Agora, o delírio da poquice, o triunfo da poquice, o apogeu da poquice é quando a pessoa se preocupa só com sua pessoa. Aí é o fim do fim, é o último do último, quando a pessoa se preocupa só com sua pessoa. O que é uma pessoa que só se preocupa consigo? O normal da pessoa que se preocupa só consigo é uma dificuldade em achar interessante tratar de outra pessoa a não ser ela mesma, e quando ela fala de outra pessoa, é só em função dela.

Sabe o que aconteceu com MEU tio?” Quer dizer, é o tio dela.
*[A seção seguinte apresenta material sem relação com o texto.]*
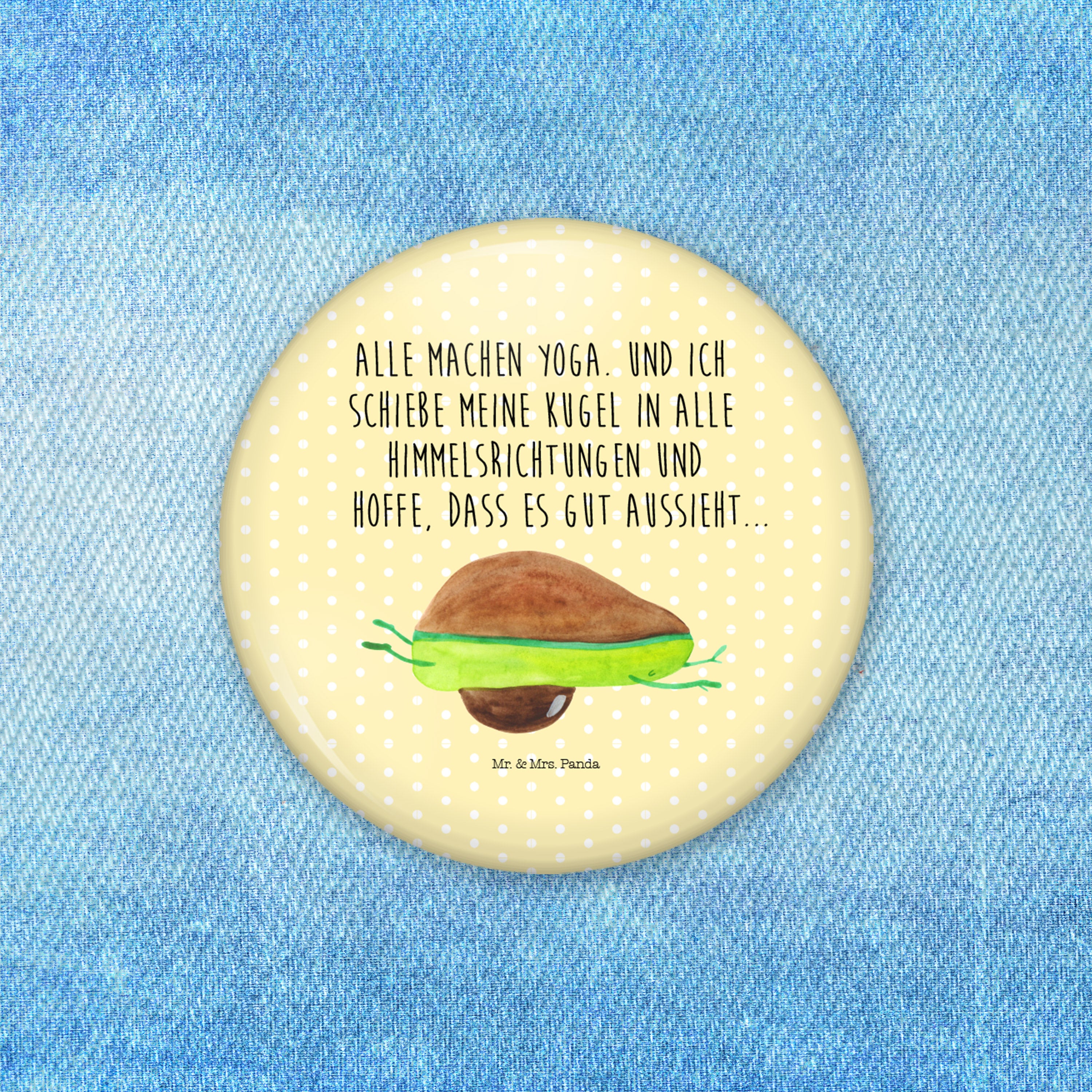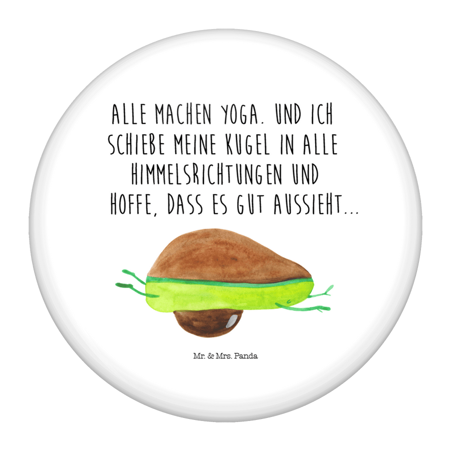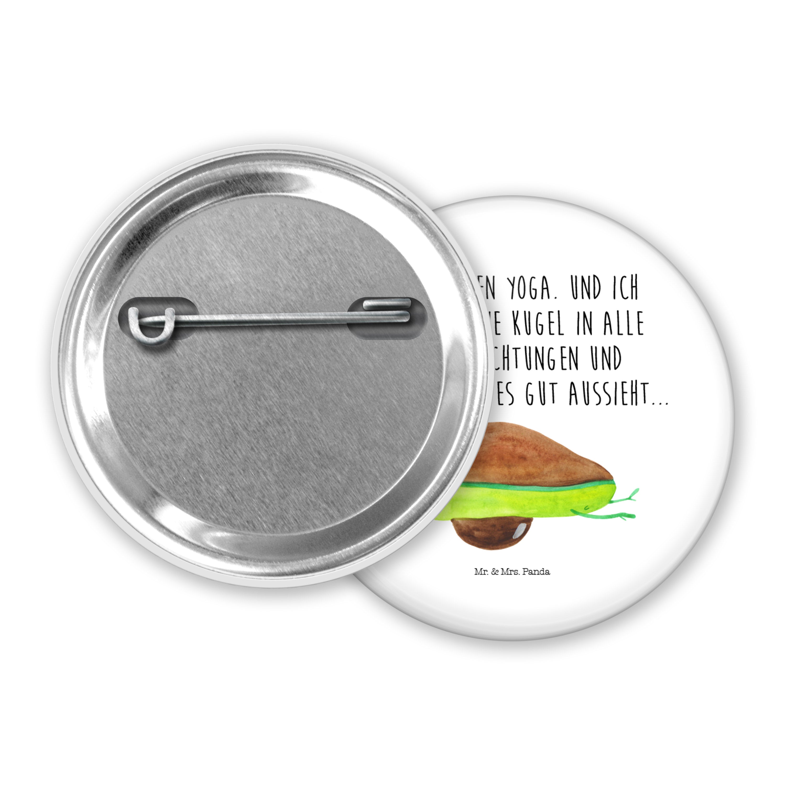 50mm Button Avocado Yoga - mit Spruch - Weiß

O homem, o tal indivíduo não tem importância, a questão é ser tio dela. “Sabe o que aconteceu com MINHA escola?” É porque é a escola que ela freqüenta. Se aquele homem não fosse tio, não se incomodava; se a escola não fosse a dela, não se incomodava. “Sabe o que aconteceu com o ônibus do MEU bairro?” É porque é o bairro dele. Se fosse uma coisa mesmo mais grave [que] acontecesse fora do bairro, não teria importância nenhuma.

Sobretudo gosta de conversar a respeito de coisas que lhe possam trazer alguma idéia, alguma vantagem pessoal de qualquer natureza. E gosta de pensar a respeito de si mesmo, quer dizer: “Eu, eu, eu, eu, eu, eu.” Não é? Então levanta de manhã: “O que eu vou fazer hoje”? Olha no espelho: “Que cara eu tenho?” Vai tomar banho: “Vai me fazer bem ou mal?” Sai do banho: “O que é que vão pensar de eu estar atrasado, o que é que vão pensar de eu estar adiantado?” Veste a roupa: “O que é que vão pensar da minha roupa?” Olha-se no espelho de novo: “Que colosso sou eu!”

Às vezes cálculos mal feitos… [Risos] Eu já tenho visto cálculos mal feitos…

Bem: “Que colosso sou eu”. Depois rememora a conversa que teve, em vez de prestar atenção no que foi dito, no tema, não: “Que cara fizeram quando eu disse tal coisa? Aquele bandido daquele AEFulano AF que não me respondeu, mudou de assunto quando eu disse uma coisa, e olhe que era engraçada, tá compreendendo? Também da próxima vez ele vai ver. E quando eu cheguei, aquele AECicrano AF que não me cumprimentou como eu queria.” Quer dizer: “Eu, eu, eu, eu, eu, eu.” Isto é “arquipoca”, é o triunfo e o delírio da poquice. Não se pode ser mais poca do que isto.

* Quem se encaixa nas três categorias, leve em consideração que se, nesta “corrente”, um elo é de aço, há um outro de barro

Então nós podemos fazer uma análise de nós mesmos. Alguém dirá: “Dr. Plinio, analisando-me a mim mesmo eu arrebento a sua classificação, porque eu noto que em mim há de tudo: eu às vezes penso um pouco em idéias, às vezes penso um pouco em acontecimentos, às vezes eu penso bem mais nos fatos, confesso que penso ainda muito mais na minha pessoa. Mas eu lá também penso de vez em quando em algumas idéias e alguns acontecimentos. O senhor está injusto comigo recriminando-me de nunca pensar em idéias e acontecimentos.”

Eu digo:

Meu caro, então é o caso de dizer que você pertence às três coisas: você tem algo de homem superior, você tem algo de misto, algo de medíocre e algo de poca. Então você é como uma corrente com elos de qualidades desiguais, um elo de aço fortíssimo, um elo de ferro cosi, cosi, um elo de estanho já fora de qualquer apreciação e depois um elo de barro. Do que é que vale a corrente?

Ah, seja imparcial! Uma corrente com quatro elos de valor diferente se aquilata tirando a média dos valores dos elos!” —Não é verdade. Uma corrente vale pelo valor de seu elo mais fraco. Então, meu caro, meça-se, julgue-se e não me queira mal.

Como já está muito tarde, vamos rezar.